While the media has allowed Sen. Rubio to go eight consecutive debates without ever being asked if he stands by his endorsement of the Trans-Pacific Partnership, Sessions has relentlessly pushed candidates to make their positions on the issues that matter to American voters known.

For instance, on Friday, prior to the ABC debate, Sessions issued a questionnaire for candidates—consisting of five straightforward questions related to immigration, trade and crime—so that voters could know where their candidates stand on these critical issues.

Under normal political rules, following his dismal performance in New Hampshire, Rubio’s candidacy would seem purely ceremonial at this point. In the last 40 years, no candidate has won the Republican Party nomination without winning Iowa or New Hampshire.

Yet Rubio not only failed to win either state, but he trailed in third place in Iowa and fifth place in New Hampshire.

By contrast, in 2012 Mitt Romney finished in 2nd place in Iowa and 1st place in New Hampshire. In 2008, John McCain finished 4th in Iowa, but 1st in New Hampshire. In 2000, George W. Bush finished 1st in Iowa and 2nd in New Hampshire. In 1996, Bob Dole finished 1st in Iowa and 2nd in New Hampshire. In 1988, George H.W. Bush finished 3rd in Iowa and 1st in New Hampshire.

As Vox recently noted, “In the past 60 years, no eventual nominee finished worse than second in New Hampshire. (Note: Two weren’t in the race when the New Hampshire primary happened — Hubert Humphrey in 1968 and Estes Kefauver in 1952.) That means that, much like the Iowa caucuses, New Hampshire is more about who won’t be president than who will.”

However, the Party establishment may still be able to resurrect Rubio’s failing campaign. Last night, for example, Fox News’ Megyn Kelly seemed to try to frame Rubio’s disastrous fifth place finish as a “nail-biter” race to third:

Indeed, given Rubio’s enormous backing from the Party establishment and the donor-class, the normal political rules do not seem to apply to Sen. Rubio.

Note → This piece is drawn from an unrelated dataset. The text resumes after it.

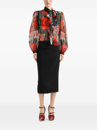 Rose-print chiffon blouse Highlights - Black - Rear press-stud fastening - Pussy-bow collar - Gathered detailing - Elasticated cuffs Made in Italy Composition Silk 100%

For instance, Sen. Rubio’s signature legislative accomplishment in the Senate was partnering with Barack Obama to develop an immigration agenda opposed by an overwhelming majority of the Republican electorate. Rubio continues to hold a view on immigration that is opposed by at least 92% of the GOP electorate.

Under normal political rules, it may perhaps be hard to envision such a candidate being considered for the position of the Party’s nominee. For instance, it is hard to imagine the Democratic Party selecting as its nominee a candidate who campaigns on wanting to repeal Obamacare or aggressively opposes some other core tenet of the Party’s progressive base.

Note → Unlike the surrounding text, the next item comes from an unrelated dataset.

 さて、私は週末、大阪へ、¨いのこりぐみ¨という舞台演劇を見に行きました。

The establishment’s effort to buoy Rubio’s candidacy perhaps demonstrates the extent to which the Republican Party’s leadership is donor-driven rather than voter-driven. While Democrat donors represent the interests of their base, Republican donors seem to actively undermine the interests of their base.

For instance, while the media has highlighted the similarities between Rubio and Obama, there is a key difference between the two which often goes undiscussed. Namely, while Obama represented the core views of his base, Rubio represents the interests of his Party’s donor base, not its voter base.

The Republican Party’s allegiance to championing its donors’ interests–which, in many instances, seem to directly contradict the interests of its voters–may perhaps explain the results of last night’s exit polls. Specifically, the exit polling data showed that while only about one in seven Democrats feel “betrayed” by their party, half of Republican voters feel “betrayed” by theirs.

It remains to be seen whether the Party’s elites and establishment media will be able to resurrect Sen. Rubio’s candidacy. However, as Nate Silver has previously observed, the Party establishment’s candidate may be the beneficiary of “a lot of second and third chances” because the Party holds the “power to set the rules of engagement and strategically encourage winnowing of the field.”